First, create a new directory for your project and initialize it:
cerebrium init 2-gradio-interface
Add the following configuration to cerebrium.toml:
[cerebrium.deployment]
name = "2-gradio-interface"
python_version = "3.12"
disable_auth = true
include = ['./*', 'main.py', 'cerebrium.toml']
exclude = ['.*']

[cerebrium.runtime.custom]
entrypoint = ["uvicorn", "main:app", "--host", "0.0.0.0", "--port", "8080"]
port = 8080
healthcheck_endpoint = "/health"

[cerebrium.hardware]
cpu = 2
memory = 4.0
compute = "CPU"

[cerebrium.scaling]
min_replicas = 0
max_replicas = 2
cooldown = 30
replica_concurrency = 10

[cerebrium.dependencies.pip]
gradio = "latest"
fastapi = "latest"
requests = "latest"
httpx = "latest"
uvicorn = "latest"
starlette = "latest"
This configuration:
  • Disables default JWT authentication, making the Gradio interface publicly accessible.
  • Sets the ASGI server entrypoint to Uvicorn.
  • Sets the default port to 8080.
  • Sets the health endpoint to /health for availability checks.
  • Configures hardware settings for the CPU instance.
  • Defines scaling with min/max replicas, cooldown, and concurrency (10 requests per replica).
  • Specifies required dependencies: Gradio, FastAPI, Requests, HTTPX, Uvicorn, and Starlette.
Set up the main entrypoint file (main.py). Start by creating the FastAPI application:
# at the top of your main.py file
import requests
from typing import Optional, List

import httpx
from fastapi import FastAPI, Request
from starlette.responses import Response as StarletteResponse

app = FastAPI()

# Get the Gradio app URL (when running on Cerebrium)
GRADIO_HOST = os.getenv("GRADIO_HOST", "127.0.0.1")
GRADIO_PORT = int(os.getenv("GRADIO_PORT", "7860"))
GRADIO_URL = os.getenv("GRADIO_SERVER_URL", f"http://{GRADIO_HOST}:{GRADIO_PORT}")

# Health check endpoint
@app.get("/health")
async def health_check():
    return {"status": "healthy"}


@app.route("/{path:path}", include_in_schema=False, methods=["GET", "POST"])
async def gradio(request: Request):
    print(f"Forwarding request path: {request.url.path}")

    headers = dict(request.headers)

    # Construct the full URL to Gradio, preserving the original path
    target_url = f"{GRADIO_URL}{request.url.path}"

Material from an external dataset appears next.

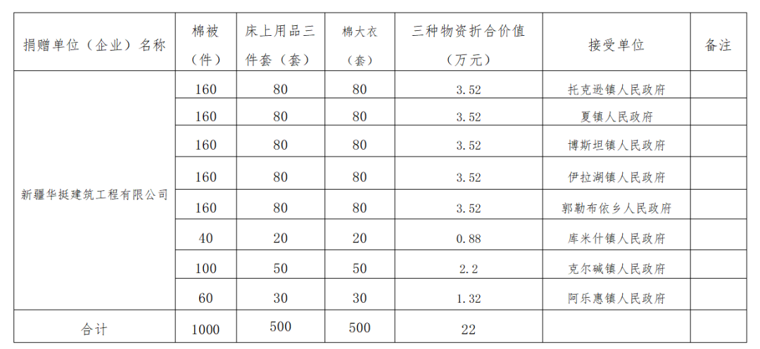 近日(截至2025年2月6日),托克逊县红十字会接受新疆华挺建筑工程有限公司1批合计价值22万元人民币的捐赠物资。其中:棉被1000条、价值人民币100000元单价100元/条),床上用品三件套500套、价值人民币50000元(单价100元/套),棉大衣500件、价值人民币70000元单价140元/件。以上物资已分发到托克逊县8个乡镇,将用于救助乡镇辖区困难群体。现依法依规公示所接受捐赠物资和去向情况,接受社会监督。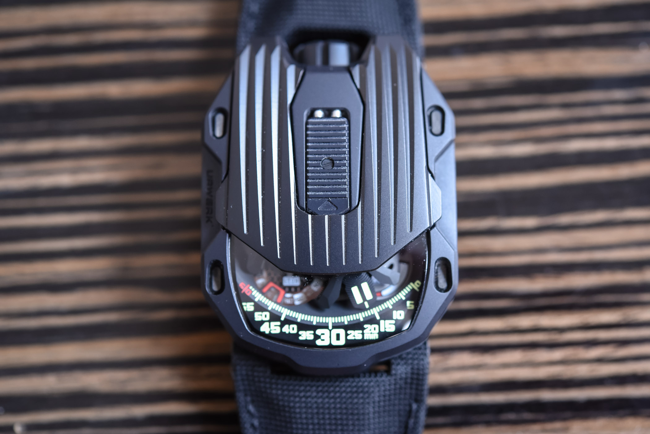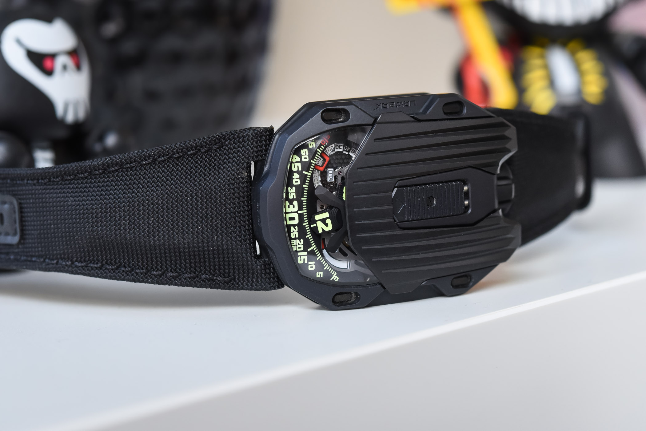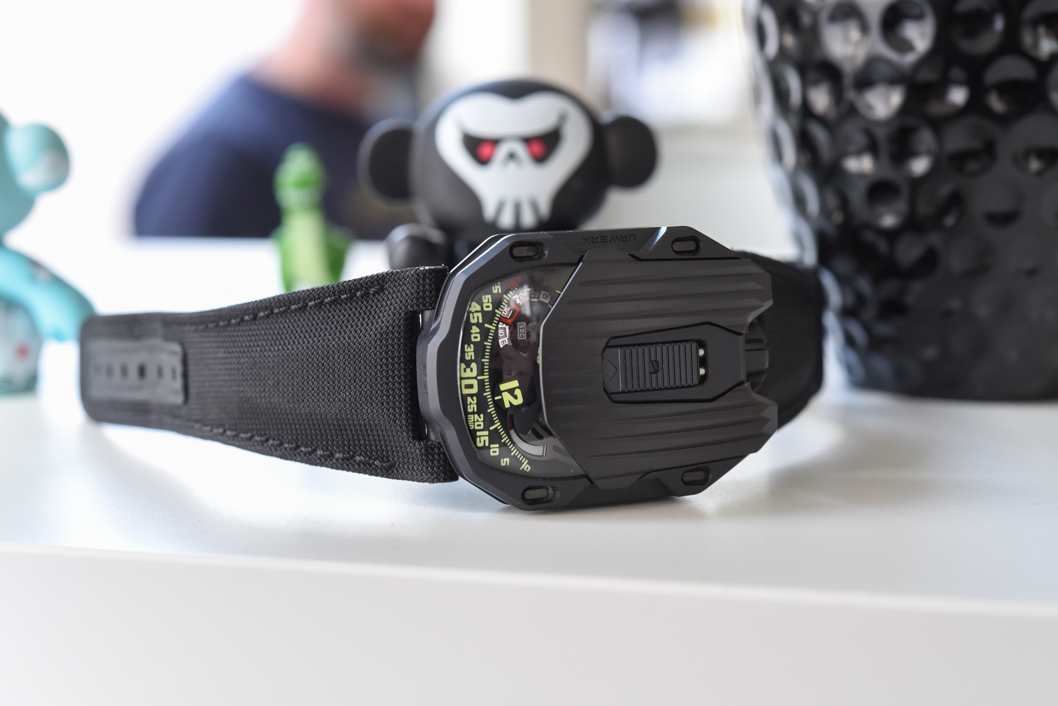 Launched to coincide with Urwerk’s twentieth anniversary in 2017, the UR-105 CT Streamliner is a celebration of the city that put the wind in Urwerk’s sails: New York. Three versions of the UR-105 CT are in circulation today, each one designed to capture a New York minute. According to co-founder and designer Martin Frei, the titanium and polished steel model is “like New York City in broad daylight, bright and shiny” while the Kryptonite model evokes a Gotham City atmosphere emitting its green lume in the dark. The most stealth interpretation of the three Streamliners is this titanium and black PVD-coated steel version, something the Dark Knight might have worn on his vigilante crusade to eradicate evil from Gotham City, New York’s fictional alter-ego in Batman movies and comics.

    async with httpx.AsyncClient() as client:
        response = await client.request(
            request.method,
            target_url,
            headers=headers,
            data=await request.body(),
            params=request.query_params,
        )

        content = await response.aread()
        response_headers = dict(response.headers)
        return StarletteResponse(
            content=content,
            status_code=response.status_code,
            headers=response_headers,
        )
The above code:
  • Initializes a FastAPI application that forwards requests to the Gradio app running as a subprocess on a different port.
  • Sets up a health check endpoint at /health.
  • Creates a catchall proxy that routes all requests to Gradio, including headers.
Next, set up the Gradio application. Add the following code to main.py:
import multiprocessing
import os
import sys
import time

import gradio as gr

# Global variable for the Gradio server
gradio_server = None

# Configure the Llama endpoint URL
LLAMA_ENDPOINT = os.getenv("LLAMA_ENDPOINT", "<YOUR_MODEL_API_ENDPOINT>")  # Update with your endpoint


class GradioServer:
    def __init__(self):
        self.host = GRADIO_HOST
        self.port = GRADIO_PORT
        self.process: Optional[multiprocessing.Process] = None
        self.url = GRADIO_URL

    async def chat_with_llama(self, message: str, history: List[List[str]]) -> str:
        """Make a request to the Llama endpoint"""
        # Convert history and new message into OpenAI chat format
        messages = []
        for h in history:
            messages.extend([
                {"role": "user", "content": h[0]},
                {"role": "assistant", "content": h[1]}
            ])
        messages.append({"role": "user", "content": message})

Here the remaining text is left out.